### What you should do:
All lines below between the line with "给月嫂阿姨买的简易床,没想到我老公180多斤都能睡,翻身都可以!很赞!" and the line with "Working with oil", including both, must be copied exactly, and the pictures must be omitted.

### Input records:
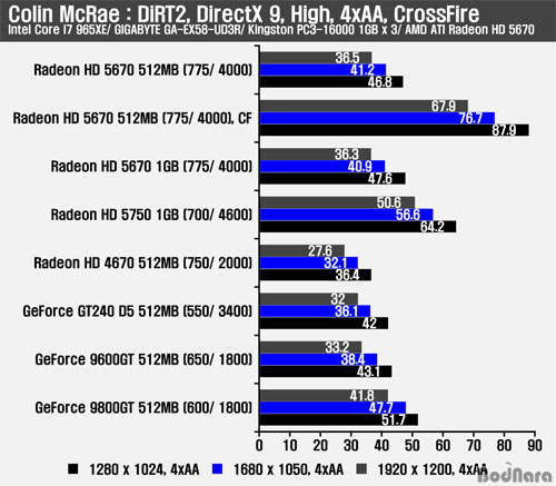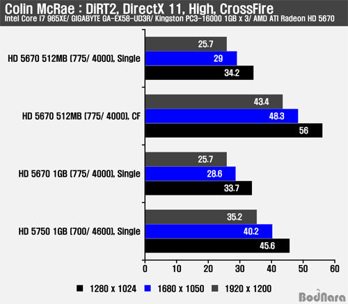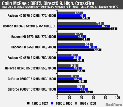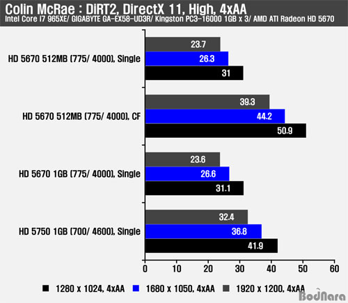 Äݸ° ¸Æ·¹ÀÌ ´õÆ®2¿¡¼ ¶óµ¥¿Â HD 5670 512MB CrossFire ±¸¼ºÀÇ ¼º´ÉÀº Å×½ºÆ®µÈ ½Ì±Û ±×·¡ÇÈÄ«µå Áß °¡Àå ³ôÀº ¼º´ÉÀ» Á¦°øÇÑ ¶óµ¥¿Â HF 5750 1GB¸¦ Å©°Ô ¾Õ¼´Â ³ôÀº Æò±Õ ÇÁ·¹ÀÓÀ» Á¦°øÇϰí ÀÖ´Ù. Äݸ° ¸Æ·¹ÀÌ ´õÆ®2 °ÔÀÓÀÇ °æ¿ì [°ÔÀֺ̹¥Ä¡¸¶Å©] DX11 Àû¿ëÇÑ Äݸ° ¸Æ·¹ÀÌ ´õÆ®2  ±â»ç¿¡¼ Å×½ºÆ®µÈ ½Ã½ºÅÛ°ú ¸Þ¸ð¸® Ŭ·°°ú ŸÀ̹ÖÀ» Á¦¿ÜÇÏ¸é ±âº» ½ºÆåÀº °°´Ù. Å×½ºÆ®µÈ °á°ú´Â 1680 x 1050 66fps, 1920 x 1200 54.65fps, 1920 x 1200 4xAA 45fpsÀÇ Æò±Õ ÇÁ·¹ÀÓÀ» Á¦°øÇߴµ¥ HD 5670 CrossFire ±¸¼ºÀº À̺¸´Ù ³ôÀº 87.7fps/ 77.8/ 67.9fpsÀÇ Æò±Õ ÇÁ·¹ÀÓÀ» Á¦°øÇØ ½Ã½ºÅÛ ±¸¼º°ú µå¶óÀ̹ö ¼º´É Çâ»óÀ» °¨¾ÈÇÏ´õ¶óµµ ²Ï ³ôÀº Çâ»óÀÌ ÀÖ´Ù.   Colin McRae : DiRT2, DirectX 11
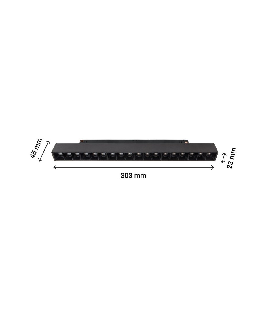 Met een compacte constructie van 23 x 303 x 42 mm is deze lichtbron gemakkelijk te integreren in veel verschillende ontwerpomgevingen. De elegante zwarte kleur zorgt voor een tijdloze esthetiek die zowel in privéwoningen als professionele omgevingen gemakkelijk past.
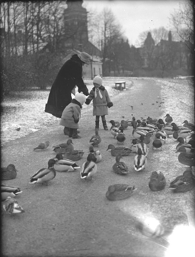 Kvinna och två barn, matar änder och gäss i park nära kyrkan.
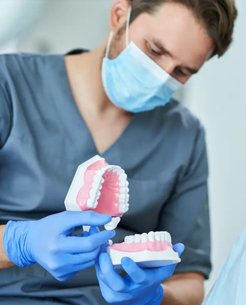 Rinse the mouth with warm water. If you can, save any broken pieces and bring them with you. Apply a cold compress to help with swelling.
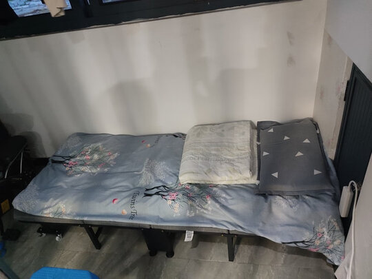 给月嫂阿姨买的简易床,没想到我老公180多斤都能睡,翻身都可以!很赞!
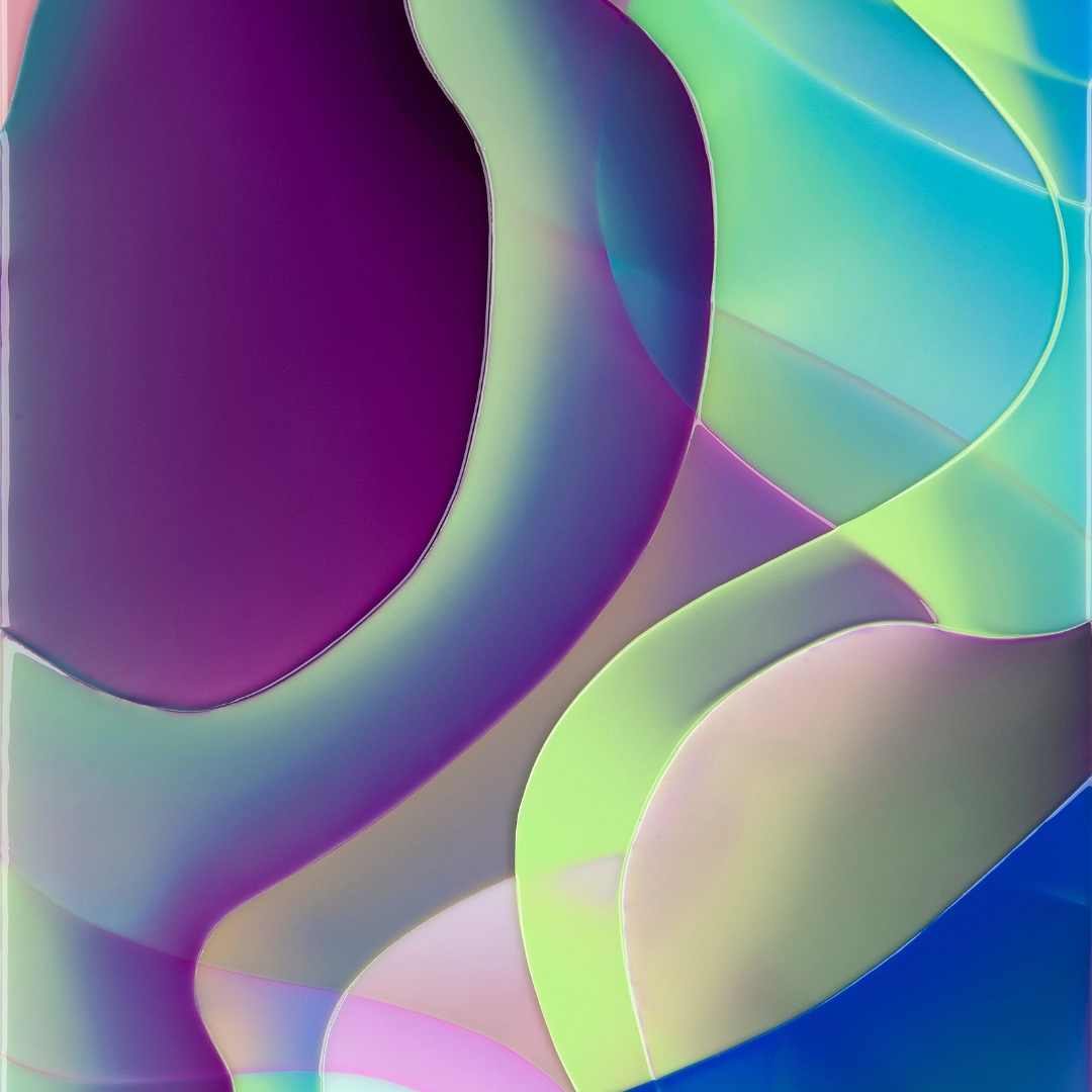 Working with oil or epoxy, the artist produces sleek, large-scale images composed of multiple interwoven layers of color and form. His works are distinguished by seamlessly blended gradients rendered on dibond panels that convey depth, clarity, and a liquid luminosity.
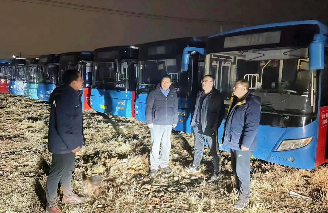 為進(jìn)一步做好春節(jié)期間公交停車場夜間安全保障工作,1月21日農(nóng)歷除夕夜,公交集團(tuán)黨委委員、副總經(jīng)理丁玉華帶領(lǐng)安全環(huán)保部、服務(wù)督導(dǎo)隊(duì)、8家運(yùn)營公司安管人員分9組對集團(tuán)55個(gè)車場進(jìn)行夜查,進(jìn)一步夯實(shí)安全生產(chǎn)基礎(chǔ),消除各類安全隱患,確保春節(jié)期間后方停車場車輛停放安全,保障市民安全舒適便捷出行。
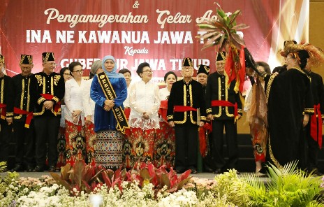 INFOnews.id | Surabaya - Gubernur Jawa Timur Khofifah Indar Parawansa dianugerahi gelar adat Minahasa "Ina Ne Kawanua Jawa Timur" oleh Dewan Pengurus Kerukunan Keluarga Kawanua (K3) Jawa Timur. Gelar Ina Ne Kawanua Jawa Timur berarti "Ibu Masyarakat Minahasa Jawa Timur".
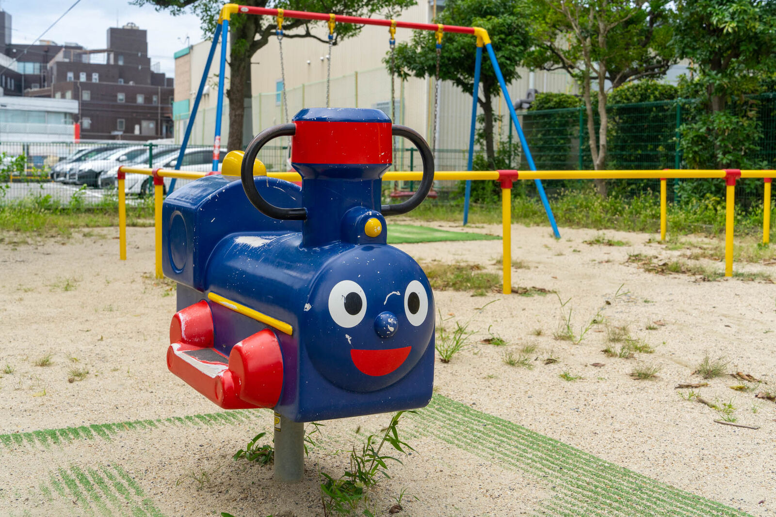 ちなみにブランコのそばにはホラ、子供が大好きなアンパンマンに出てくるSLマンみたいなやつもいますよ。
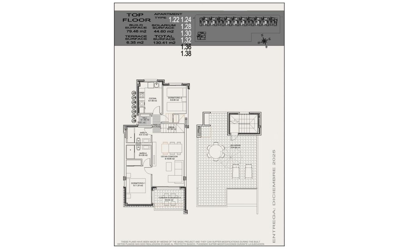 Nytt boligprosjekt i Torrevieja, bare 1 km fra sjøen Moderne leiligheter med 2 og 3 soverom Dette nye boligprosjektet ligger i det livlige Altos del Sol-området i Torrevieja, og tilbyr en rekke leilighetsalternativer med 2 og 3 soverom. Leilighetene i første etasje har private hager, mens leilighetene i toppetasjen har private solarier for eksklusiv utendørs avslapning. I tillegg omfatter komplekset ett rekkehus, som passer for dem som ønsker ekstra plass og privatliv. Hver enhet har en underjordisk parkeringsplass, og bod er tilgjengelig som tilvalg. Romslige fellesområder og familievennlige fasiliteter Boligkomplekset er gjennomtenkt utformet med store fellesarealer, med hageanlegg som skaper et fredelig miljø. Familier kan glede seg over et stort felles svømmebasseng med et eget barneområde, perfekt for avslapping og sosialt samvær under den varme middelhavssolen. Prosjektet ligger ca. 1 km fra «Playa de Los Locos», som gir beboerne praktisk tilgang til stranden. Førsteklasses finish og energieffektive funksjoner Disse boligene skiller seg ut med høy kvalitet og oppmerksomhet på detaljer. Hver enhet er utstyrt med et 600 W solcelleanlegg, noe som gir en miljøvennlig energiløsning. Andre premiumfunksjoner inkluderer innebygde griller på solterrassene, pansrede inngangsdører, innebygde garderober med innredning, baderomsmøbler med dusjvegger og gulvvarme på badene, noe som sikrer komfort og stil i hvert hjørne. Ideell beliggenhet i nærheten av tjenester og attraksjoner Dette prosjektet ligger i nærheten av alle viktige tjenester, noe som gjør det til et praktisk sted for både fastboende og ferieboligsøkere. Altos del Sol er kjent for sine gode forbindelser med lokale butikker, spisesteder og underholdningssteder innen gangavstand. Alicante-Elche lufthavn ligger en 45-minutters kjøretur unna (43 km), mens Habaneras kjøpesenter ligger bare 3 km unna, og tilbyr en omfattende shoppingopplevelse. Opplev Torreviejas middelhavsstil Torrevieja, som ligger sør i Alicante, byr på en typisk middelhavsopplevelse. Med over 300 soldager i året og en årlig gjennomsnittstemperatur på 20 ºC kan innbyggerne nyte det vakre været året rundt. Byen er kjent for sin rike gastronomi, med ferske ingredienser fra både havet og lokale gårder. I tillegg kan Torrevieja skilte med naturskjønne strender, promenader, museer og en rekke aktiviteter som passer for barnefamilier, noe som sikrer en livsstil fylt med fritid og avslapning. Kom og utforsk Torrevieja Enten du er ute etter et pulserende kystsamfunn eller et fredelig tilfluktssted, gir dette prosjektet deg en unik mulighet til å nyte det beste av Torreviejas kystsjarm. Opplev alt denne vakre byen har å by på, fra det varme klimaet til den rike kulturelle og kulinariske arven.
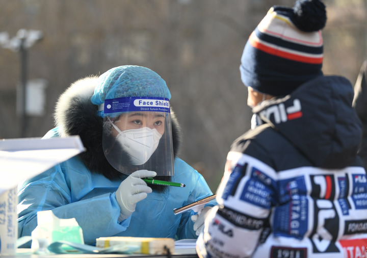1月15日,天津,工作人员正在进行核酸检测登记。(新华社记者孙凡越 摄)
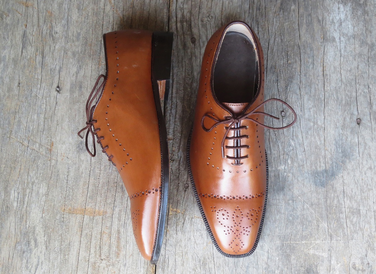 New Handmade Men Stylish Brogue Cap Toe Tan Leather Dress Formal Lace Up Shoes

### Solution to this problem:
 给月嫂阿姨买的简易床,没想到我老公180多斤都能睡,翻身都可以!很赞!
 Working with oil or epoxy, the artist produces sleek, large-scale images composed of multiple interwoven layers of color and form. His works are distinguished by seamlessly blended gradients rendered on dibond panels that convey depth, clarity, and a liquid luminosity.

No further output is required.